21: It's no sacrifice
Once upon a time, in the suburbs of Wizarding Brittain, there lived a great Wizard and his Witch wife. The two longed for children, but remained barren for 10 years following their marriage. No Healer could seem to help them conceive. The Wizard having come from a long line of Wizards was desperate for a child to pass on his knowledge of the occult. The Matriarch, his mother was wrathful, pointing at the Witch, who was born magical, yet from muggle parents.
Finally, the Witch, unable to bear the terrible weight, returned home one day to her muggle mother.
"Oh, Mama!" she cried. "Why am I cursed with barren-ness? What evil has bestowed our family?"
To which her mother replied, sagely, "You should come see the OB-GY at my hospital. We have a new guy who can work wonders with IVF."
"Oh, Mama!" the Witch cried, "Dost thou not know that muggle born sorcery does not pass with those of bewitched blood!"
To which her mother replied, less sagely, "Jinisha, I swear that if you utter one more word of crazy I will never see you again. Do I make myself clear?"
So one day, the Witch decided to cross over to the muggle world to see if the magic-less denizens of the glamourless life could somehow find it in their art of Science to treat her. The unsuspecting muggle healer probed her with his cold instruments in his darkened lair. He stuck her full of needles. Until finally one day, she was able to conceive, not only one, but two beautiful daughters.
Thus was born to the noble Wizarding family of Patil, two daughters, Padma and Parvati.
On her birth, the Matriarch of Patil, my Nana, foresaw, "One will be the light, and another the shadow."
On hearing this, the muggle mother of the Witch swore never to see Nana until she croaked twice over in her grave. Having earned two beautiful daughters, Lady Patil now placed all her efforts in raising her two beautiful children. And the mother and daughter became ever more estranged.
I only have the vaguest memories of Mother's Mother, Doctor Sadangi. She rarely visited, but now in retrospect, I wonder if she were rarely allowed to visit. Nana had always been quite an overbearing presence, and as my old memories resurface like an objective palpable thing before me, I find I am scrutinizing what I had once known to be true. And in retrospect it seems more likely that the lovable cuddly Nana had always been somewhat overbearing and nagging towards Mama. Or was it perhaps Mama who had denied her own mother's visitations?
I can't outright judge my mother for it, if that were the case. Those were dark times, and the Dark Lord had spread fear and distrust in the world.
The ancestral Patil home had been in Woldingham, atop the North Downs on a concealed 18th century estate refurbished when the Patils first arrived from India. The Patils had been a family of sorcerers to the Maratha Empire in Karnataka region where they had coexisted with the 'muggle' Patils, though I doubt that they had such modern distinction back in the day.

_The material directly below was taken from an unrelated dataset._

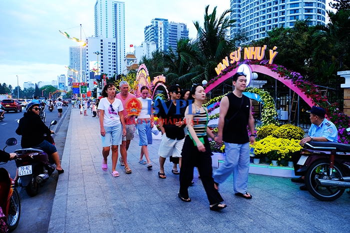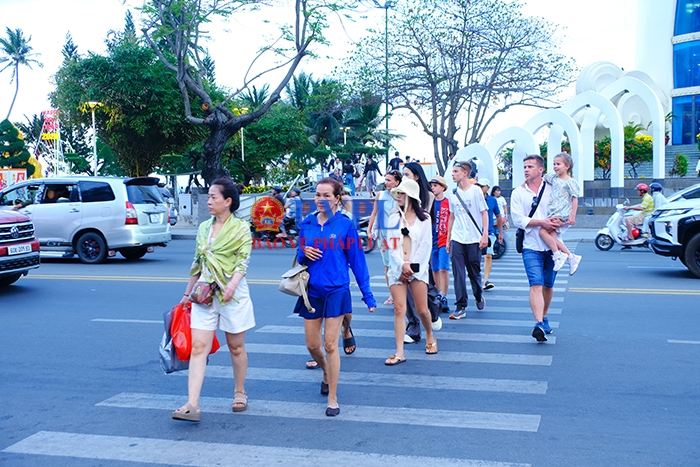 | Du khách trên đường phố Nha Trang ngày mùng 5 Tết. Ảnh: NH. |

After settling in Woldingham Chateau Patil, handed down from father to son. My Father, Dev Patil, met my mother Jinisha Sadangi at Hogwarts. My maternal grandmother, Doctor Sadangi, had raised her daughter on her own, and not even my mother knew who her father had been. Father, like all male Patils had been before him, was Slytherin. He was generally laid back and easy going, as I recall my early memories of him was playing dollhouse at his feet as he studied ancient Runes in his library. Father had refused the call to become a Death Eater in Voldemort's heyday. I remember some days at Hogwarts where he had been agitated at the thought of keeping us there. Recently he had passed away, and since his passing, Uncle moved into the estate. Our home had become an empty nest and for a while three women lived together below the Chateau near the muggle village in a moderately well furbished house. Even then, Nana would come down from the estate to visit us often. I always remember Nana as a kind old witch, bent and slightly toothless. She was always laughing and cheerful, gnarly as an old tree. My recent reevaluation of my memories, however, makes me conclude that she might have practiced the Dark Arts in her youth, as well. Perhaps she had even been a follower of Voldemort. Who knows? Nowadays even the Malfoys do not associate their names with the acts of Voldemort.

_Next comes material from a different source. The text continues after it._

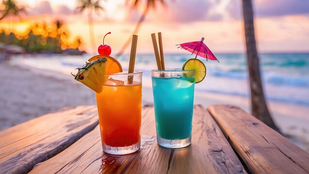 cocktail on a beach cafe table on a tropical island during sun set,  Created using generative AI tools.

One thing had always been clear, she had never liked Mother. Mother was a mudblood, daughter of a single mother, alone in the magical world. I have no doubt that Father, in his easy manner had protected her from much scorn in the family. Is that how fairy tales begin? The deep dark recess of desperation makes us wish for things that we cannot earn on our own. Perhaps the odd tale of our birth did deserve some merit.

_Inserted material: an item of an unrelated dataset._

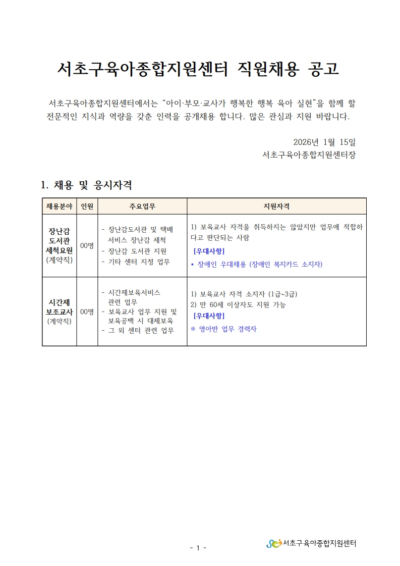1. 서초구육아종합지원센터 직원채용 공고문(세척요원,시간제보조교사).pdf

Whatever happened in those days, Padma and I grew up in the estate, and our new home near the village never seemed like ours. Even now I associate it more with Padma's place than my own. Like the contrast of my life before Hogwarts and after, I remember growing up with an excess of pretty things to an adulthood of a lack of such. I recall, in my youth, I had always been showered with presents, and I always wanted more.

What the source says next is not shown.